#### Required work
Return exactly the span of lines in the following data that opens with the line containing "A touch of South" and closes with the line containing "IsoEnergy Ltd besticht". Include nothing else.

** The data follows **

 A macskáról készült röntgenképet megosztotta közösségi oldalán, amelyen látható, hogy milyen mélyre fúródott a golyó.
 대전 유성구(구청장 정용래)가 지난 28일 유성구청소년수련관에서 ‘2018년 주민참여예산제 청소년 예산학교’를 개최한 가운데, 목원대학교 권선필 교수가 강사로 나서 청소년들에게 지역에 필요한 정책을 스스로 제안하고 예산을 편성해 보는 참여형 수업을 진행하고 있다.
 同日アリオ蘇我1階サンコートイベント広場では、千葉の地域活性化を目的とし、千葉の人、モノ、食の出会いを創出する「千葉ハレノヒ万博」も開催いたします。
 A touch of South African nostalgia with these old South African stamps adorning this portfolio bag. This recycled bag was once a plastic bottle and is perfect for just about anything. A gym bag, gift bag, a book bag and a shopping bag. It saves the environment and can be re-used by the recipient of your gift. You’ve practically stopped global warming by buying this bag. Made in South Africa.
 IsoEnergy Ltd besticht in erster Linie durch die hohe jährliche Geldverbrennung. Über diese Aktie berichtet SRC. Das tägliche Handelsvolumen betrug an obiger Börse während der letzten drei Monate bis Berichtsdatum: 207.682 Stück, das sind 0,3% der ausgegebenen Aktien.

** End of The data **
** The data follows **

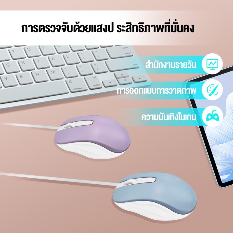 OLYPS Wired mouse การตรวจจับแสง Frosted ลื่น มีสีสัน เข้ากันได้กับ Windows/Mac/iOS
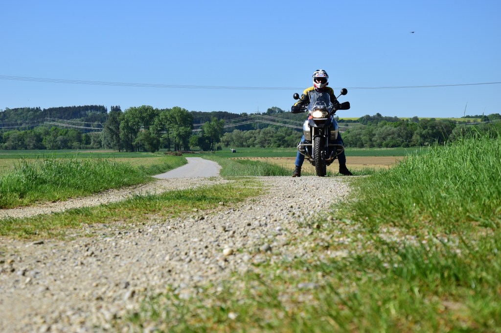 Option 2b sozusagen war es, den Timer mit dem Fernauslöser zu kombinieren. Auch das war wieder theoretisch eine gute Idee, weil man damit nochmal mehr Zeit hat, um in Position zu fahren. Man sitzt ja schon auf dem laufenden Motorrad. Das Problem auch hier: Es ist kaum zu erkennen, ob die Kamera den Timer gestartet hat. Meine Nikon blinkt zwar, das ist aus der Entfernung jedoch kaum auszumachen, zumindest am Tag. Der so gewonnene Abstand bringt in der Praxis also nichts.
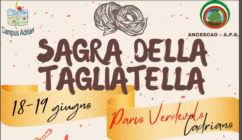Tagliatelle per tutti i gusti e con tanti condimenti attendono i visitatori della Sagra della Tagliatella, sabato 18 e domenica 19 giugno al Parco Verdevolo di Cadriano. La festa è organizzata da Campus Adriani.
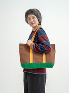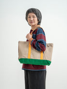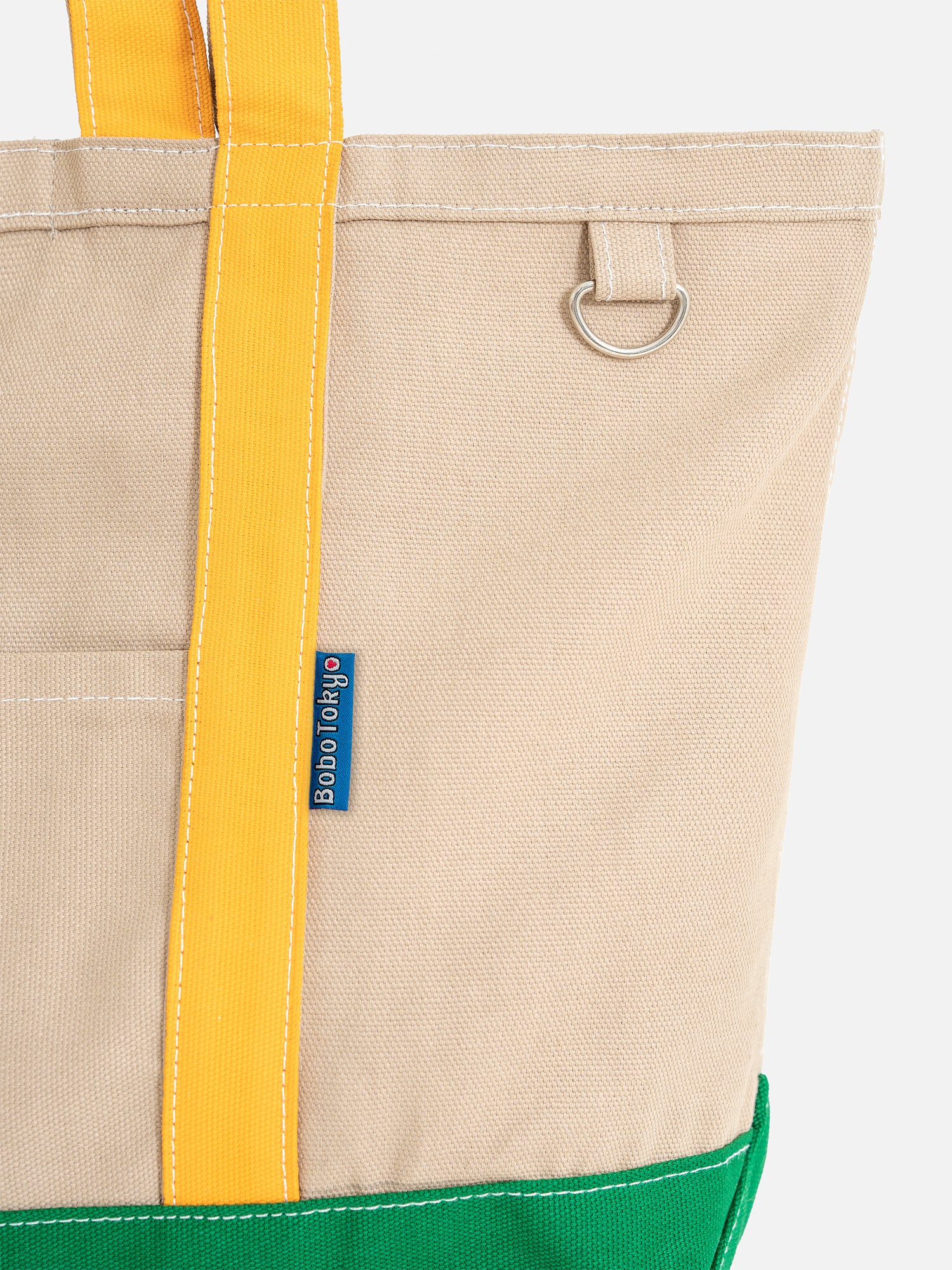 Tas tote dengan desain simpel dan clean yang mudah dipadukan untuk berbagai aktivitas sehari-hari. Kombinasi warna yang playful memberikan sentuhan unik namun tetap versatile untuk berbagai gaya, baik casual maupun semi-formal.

** End of The data **
** The data follows **

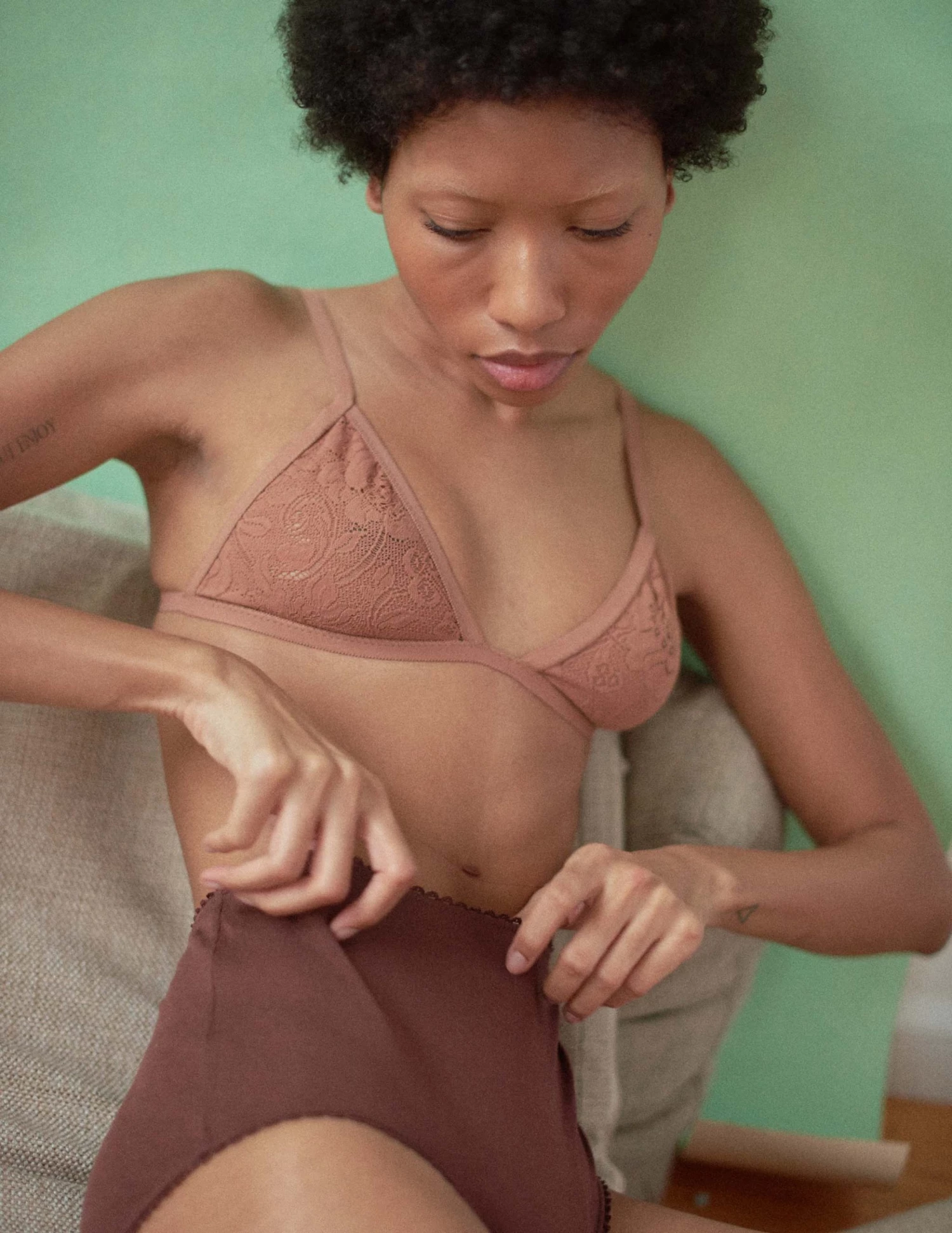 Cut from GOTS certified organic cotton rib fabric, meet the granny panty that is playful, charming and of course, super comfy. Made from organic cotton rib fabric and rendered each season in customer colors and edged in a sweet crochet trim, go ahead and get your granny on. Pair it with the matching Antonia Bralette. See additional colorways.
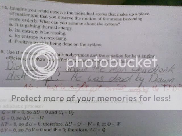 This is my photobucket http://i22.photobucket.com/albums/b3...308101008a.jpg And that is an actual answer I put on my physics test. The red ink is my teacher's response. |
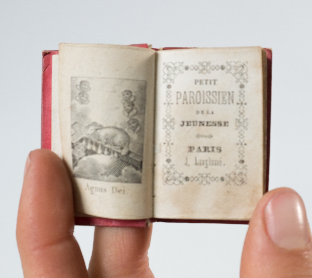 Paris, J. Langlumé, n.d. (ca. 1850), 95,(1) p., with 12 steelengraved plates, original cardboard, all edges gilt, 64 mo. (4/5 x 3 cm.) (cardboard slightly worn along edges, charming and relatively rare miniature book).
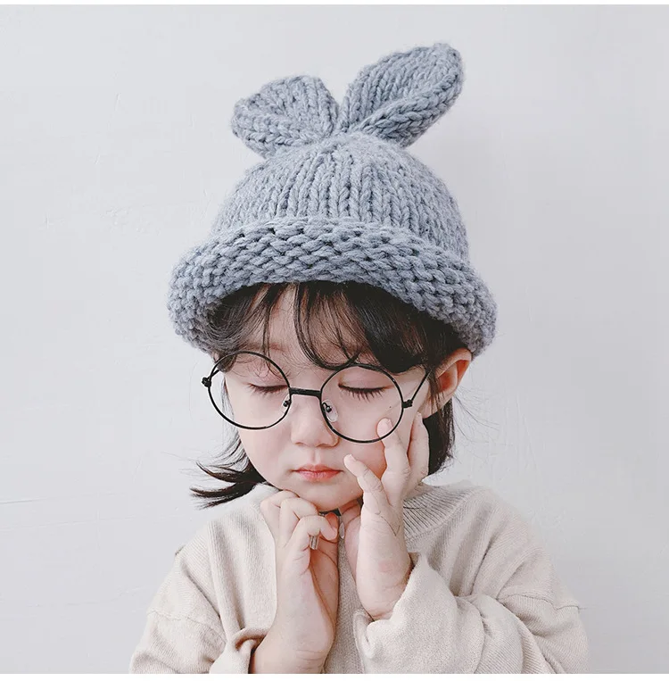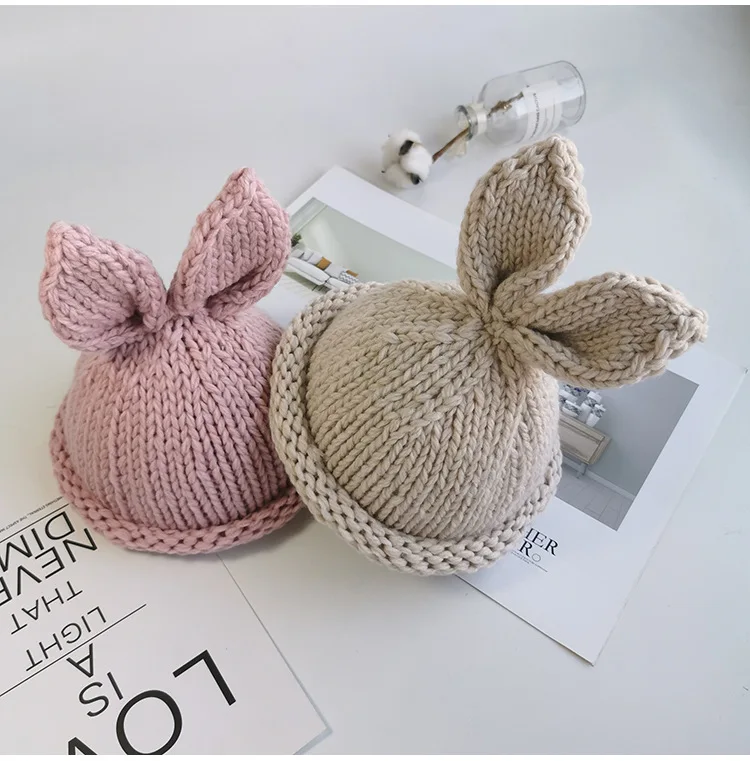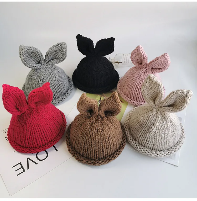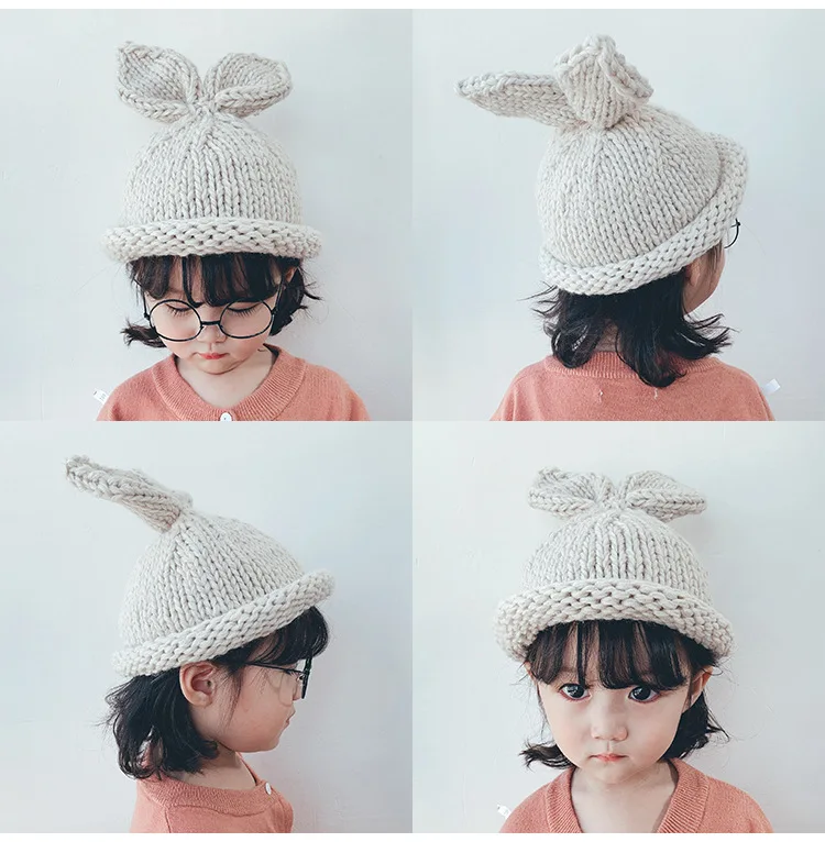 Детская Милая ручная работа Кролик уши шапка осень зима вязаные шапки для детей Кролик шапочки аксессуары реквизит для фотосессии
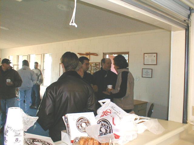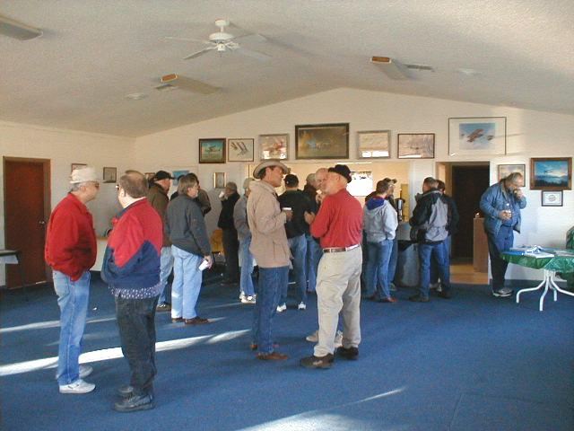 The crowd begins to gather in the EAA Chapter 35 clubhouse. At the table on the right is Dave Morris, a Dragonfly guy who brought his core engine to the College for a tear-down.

** End of The data **

#### Finished exercise
 A touch of South African nostalgia with these old South African stamps adorning this portfolio bag. This recycled bag was once a plastic bottle and is perfect for just about anything. A gym bag, gift bag, a book bag and a shopping bag. It saves the environment and can be re-used by the recipient of your gift. You’ve practically stopped global warming by buying this bag. Made in South Africa.
 IsoEnergy Ltd besticht in erster Linie durch die hohe jährliche Geldverbrennung. Über diese Aktie berichtet SRC. Das tägliche Handelsvolumen betrug an obiger Börse während der letzten drei Monate bis Berichtsdatum: 207.682 Stück, das sind 0,3% der ausgegebenen Aktien.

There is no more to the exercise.